Assigned task:
The pictures in the listing below are to be skipped, while the lines between the line holding "Kenny explained to" and the line holding "Fiat Navigatie dedicata", inclusive, are to be output exactly.

Provided records:

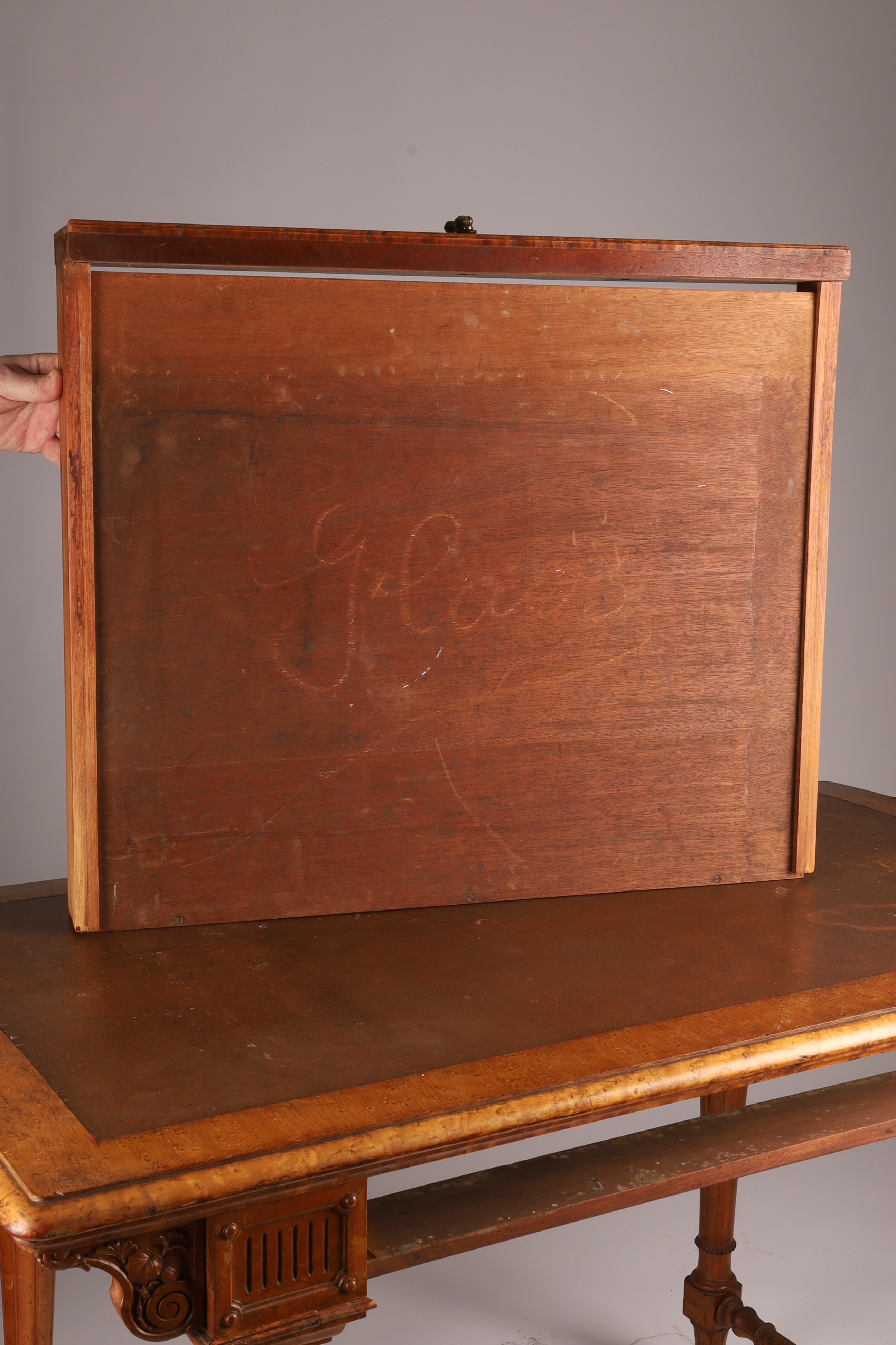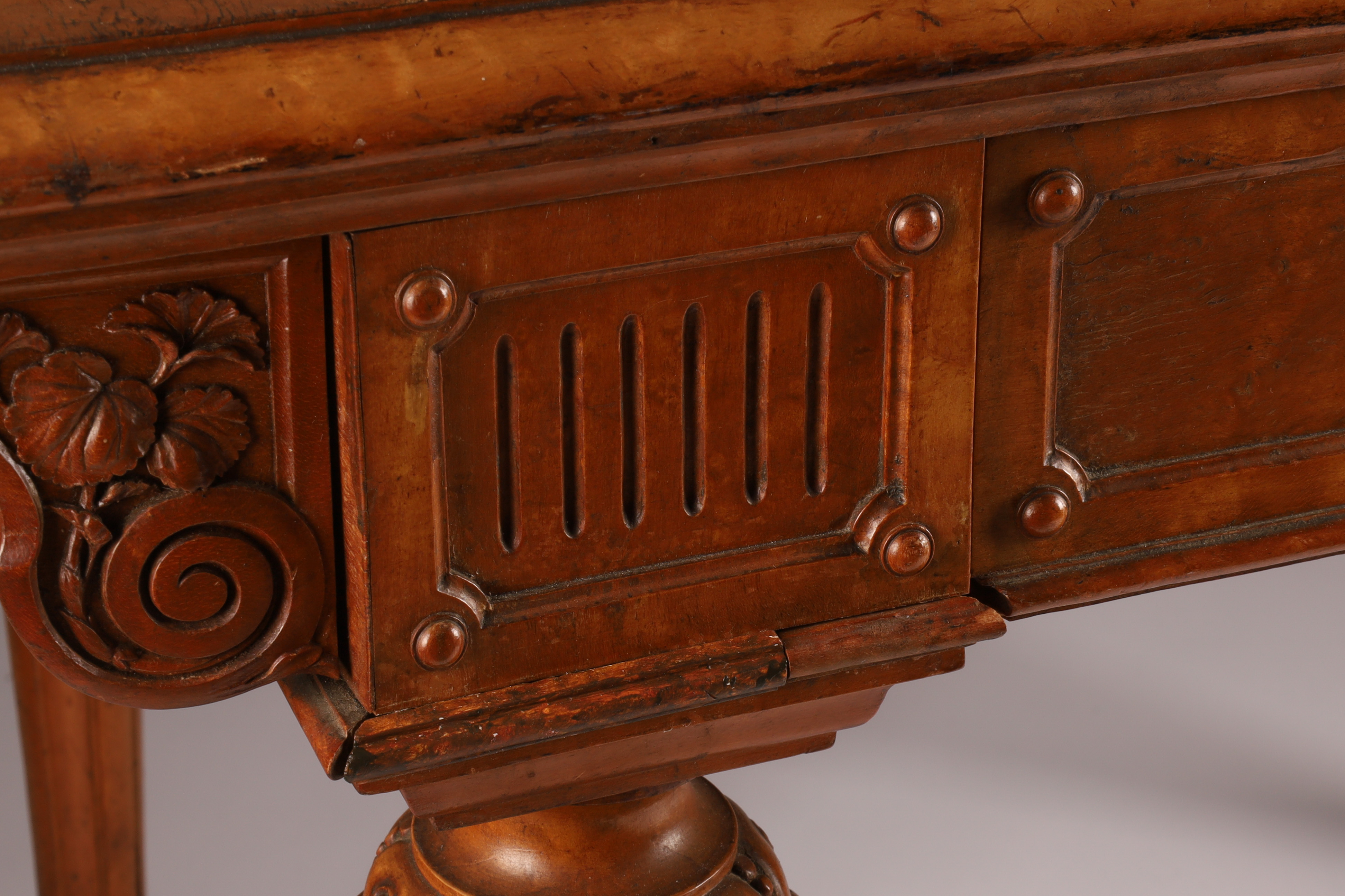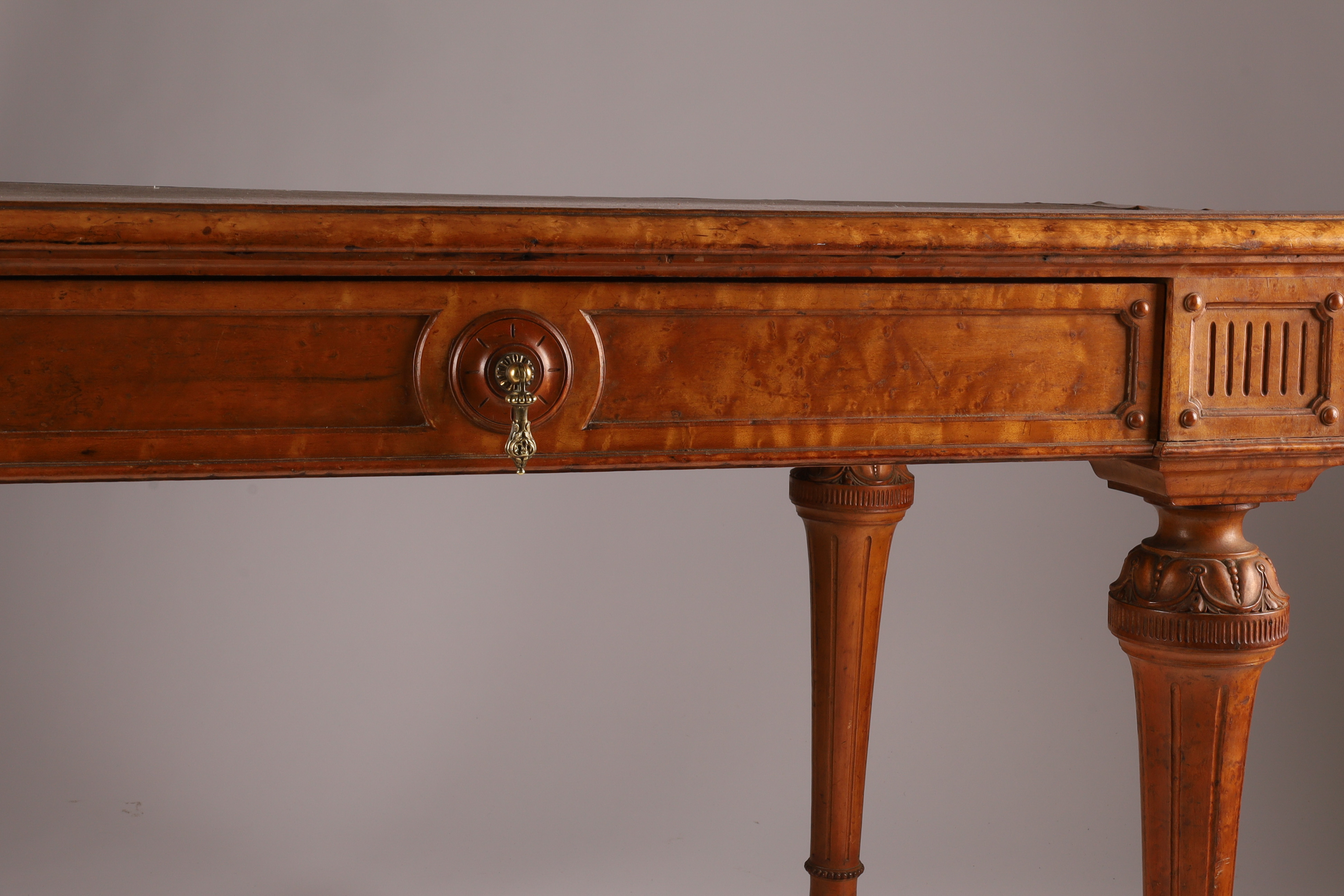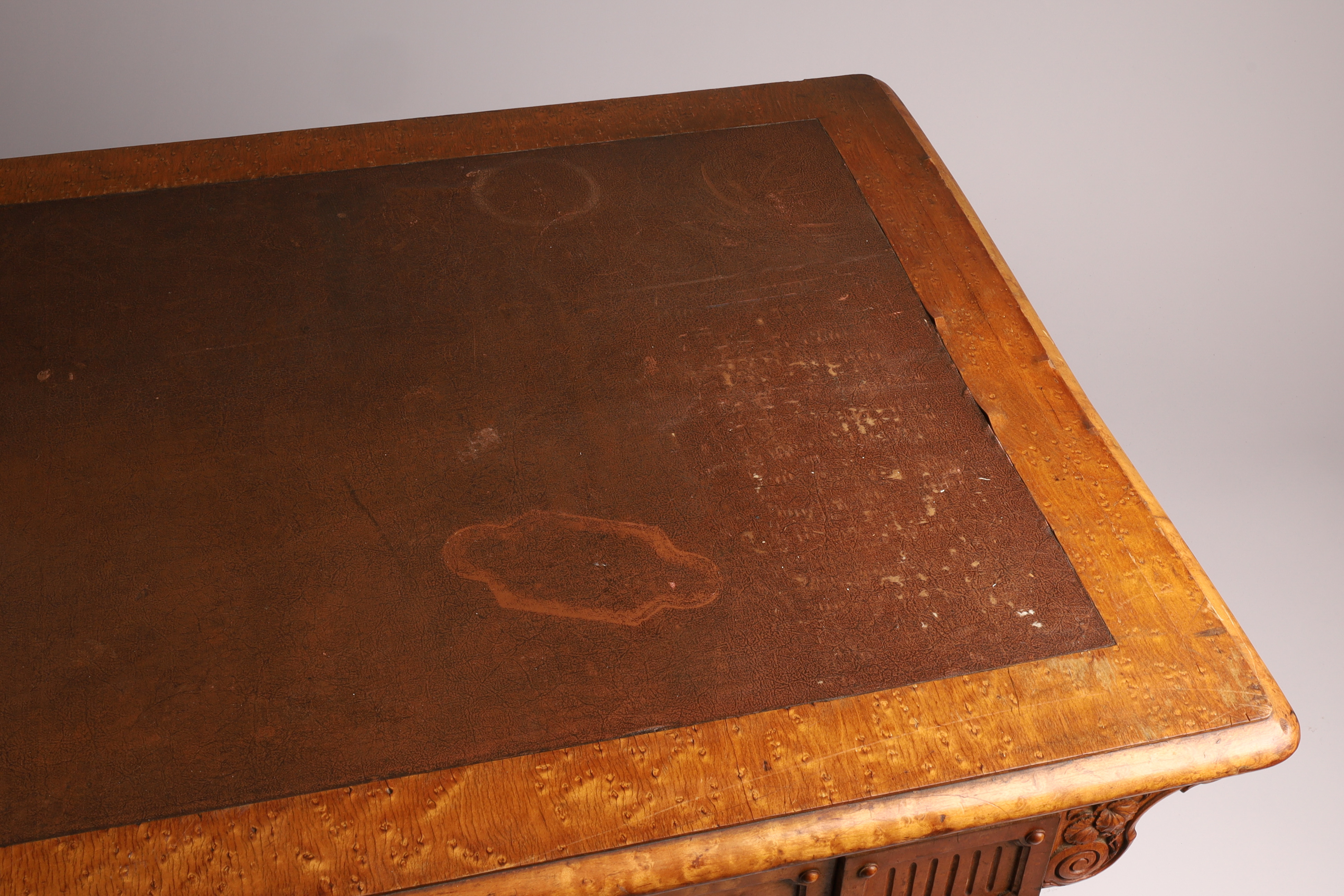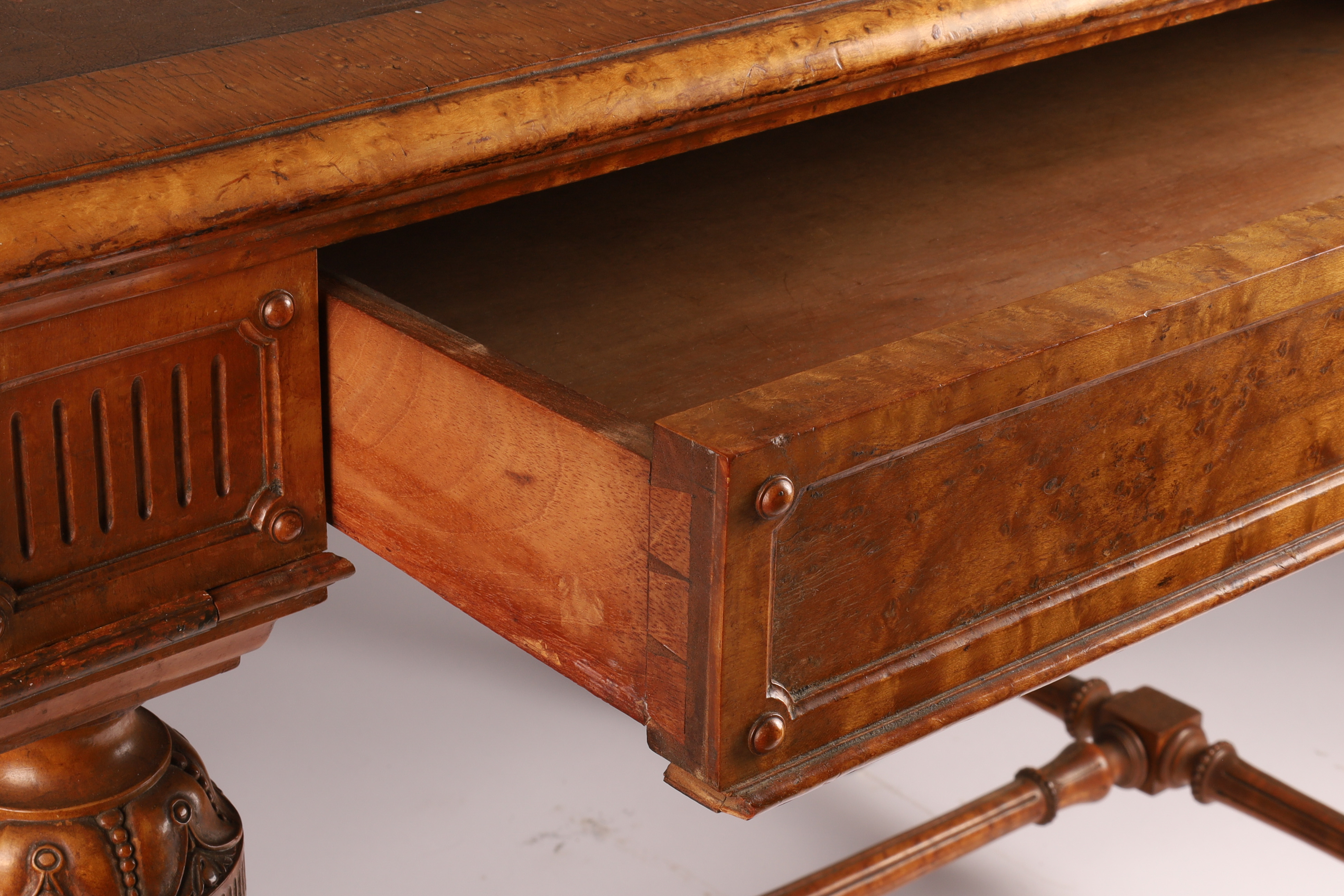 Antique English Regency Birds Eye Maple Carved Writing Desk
==
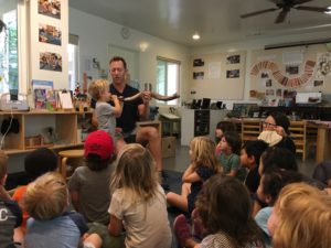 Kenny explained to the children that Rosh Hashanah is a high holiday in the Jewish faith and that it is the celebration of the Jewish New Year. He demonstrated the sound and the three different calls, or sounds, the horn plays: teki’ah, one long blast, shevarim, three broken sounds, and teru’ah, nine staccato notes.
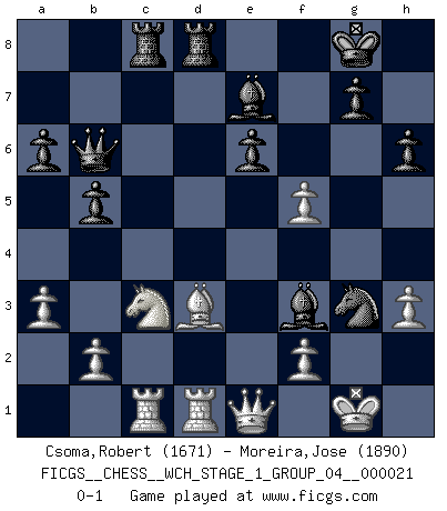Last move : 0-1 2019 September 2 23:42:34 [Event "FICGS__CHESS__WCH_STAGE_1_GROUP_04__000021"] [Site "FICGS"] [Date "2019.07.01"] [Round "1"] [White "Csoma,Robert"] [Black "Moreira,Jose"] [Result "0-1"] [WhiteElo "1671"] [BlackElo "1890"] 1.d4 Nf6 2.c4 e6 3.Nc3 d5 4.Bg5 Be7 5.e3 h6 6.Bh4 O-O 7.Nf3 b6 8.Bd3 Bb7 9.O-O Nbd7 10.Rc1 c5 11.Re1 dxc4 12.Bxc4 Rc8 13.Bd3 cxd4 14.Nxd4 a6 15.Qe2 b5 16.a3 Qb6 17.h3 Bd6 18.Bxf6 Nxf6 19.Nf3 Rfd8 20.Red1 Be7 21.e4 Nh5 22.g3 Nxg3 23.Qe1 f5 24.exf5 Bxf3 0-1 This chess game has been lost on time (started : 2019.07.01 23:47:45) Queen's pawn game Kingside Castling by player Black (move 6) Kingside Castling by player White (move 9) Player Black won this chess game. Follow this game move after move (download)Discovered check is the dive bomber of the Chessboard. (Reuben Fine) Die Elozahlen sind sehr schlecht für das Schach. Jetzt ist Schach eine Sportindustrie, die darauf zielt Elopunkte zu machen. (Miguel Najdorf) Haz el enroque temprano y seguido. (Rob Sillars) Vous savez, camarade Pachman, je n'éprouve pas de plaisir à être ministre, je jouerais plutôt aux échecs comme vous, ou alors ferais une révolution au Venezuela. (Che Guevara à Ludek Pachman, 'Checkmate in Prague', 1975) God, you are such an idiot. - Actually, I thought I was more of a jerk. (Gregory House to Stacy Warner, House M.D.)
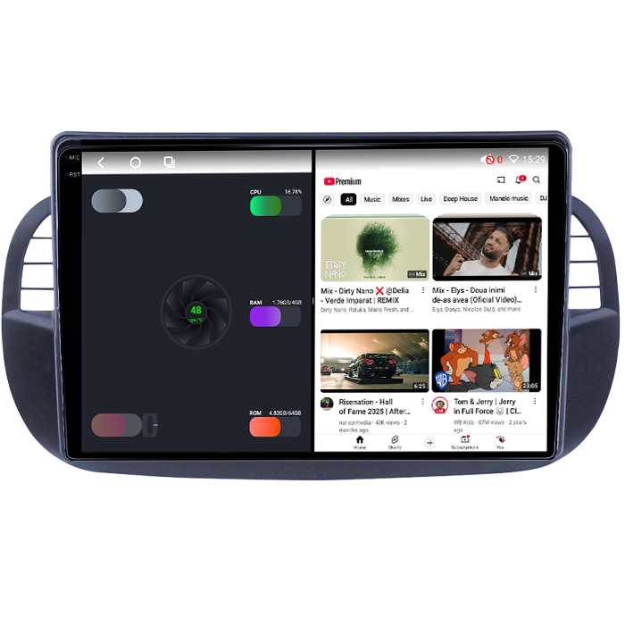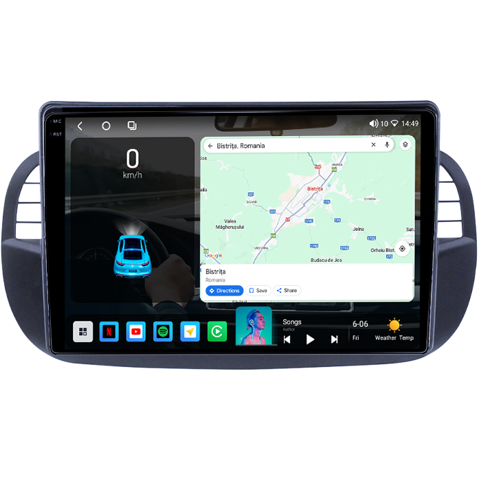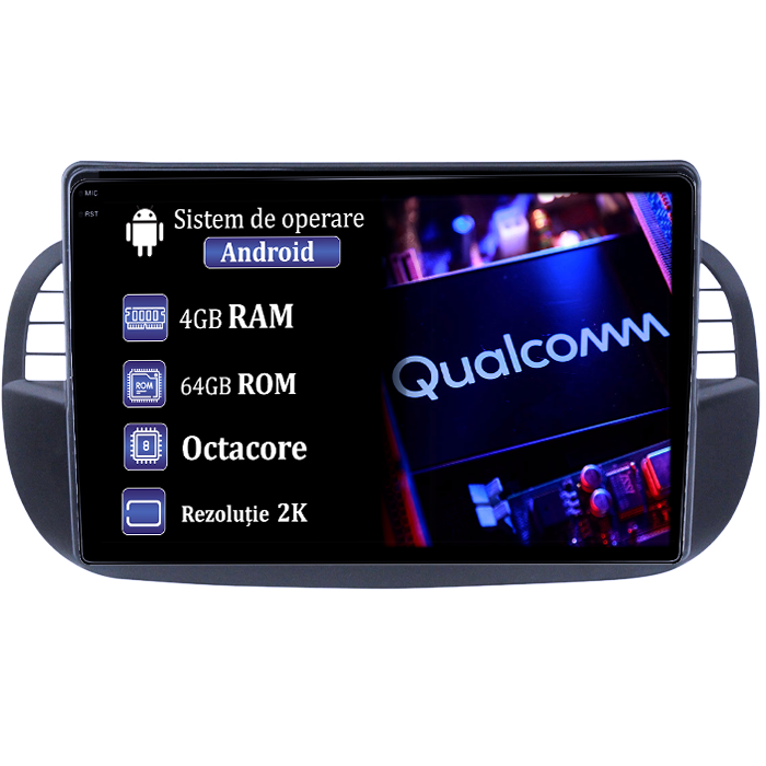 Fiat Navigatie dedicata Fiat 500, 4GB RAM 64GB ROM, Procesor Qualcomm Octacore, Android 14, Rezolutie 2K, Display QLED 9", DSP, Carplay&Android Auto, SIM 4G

Exercise output:
 Kenny explained to the children that Rosh Hashanah is a high holiday in the Jewish faith and that it is the celebration of the Jewish New Year. He demonstrated the sound and the three different calls, or sounds, the horn plays: teki’ah, one long blast, shevarim, three broken sounds, and teru’ah, nine staccato notes.
Last move : 0-1 2019 September 2 23:42:34 [Event "FICGS__CHESS__WCH_STAGE_1_GROUP_04__000021"] [Site "FICGS"] [Date "2019.07.01"] [Round "1"] [White "Csoma,Robert"] [Black "Moreira,Jose"] [Result "0-1"] [WhiteElo "1671"] [BlackElo "1890"] 1.d4 Nf6 2.c4 e6 3.Nc3 d5 4.Bg5 Be7 5.e3 h6 6.Bh4 O-O 7.Nf3 b6 8.Bd3 Bb7 9.O-O Nbd7 10.Rc1 c5 11.Re1 dxc4 12.Bxc4 Rc8 13.Bd3 cxd4 14.Nxd4 a6 15.Qe2 b5 16.a3 Qb6 17.h3 Bd6 18.Bxf6 Nxf6 19.Nf3 Rfd8 20.Red1 Be7 21.e4 Nh5 22.g3 Nxg3 23.Qe1 f5 24.exf5 Bxf3 0-1 This chess game has been lost on time (started : 2019.07.01 23:47:45) Queen's pawn game Kingside Castling by player Black (move 6) Kingside Castling by player White (move 9) Player Black won this chess game. Follow this game move after move (download)Discovered check is the dive bomber of the Chessboard. (Reuben Fine) Die Elozahlen sind sehr schlecht für das Schach. Jetzt ist Schach eine Sportindustrie, die darauf zielt Elopunkte zu machen. (Miguel Najdorf) Haz el enroque temprano y seguido. (Rob Sillars) Vous savez, camarade Pachman, je n'éprouve pas de plaisir à être ministre, je jouerais plutôt aux échecs comme vous, ou alors ferais une révolution au Venezuela. (Che Guevara à Ludek Pachman, 'Checkmate in Prague', 1975) God, you are such an idiot. - Actually, I thought I was more of a jerk. (Gregory House to Stacy Warner, House M.D.)
 Fiat Navigatie dedicata Fiat 500, 4GB RAM 64GB ROM, Procesor Qualcomm Octacore, Android 14, Rezolutie 2K, Display QLED 9", DSP, Carplay&Android Auto, SIM 4G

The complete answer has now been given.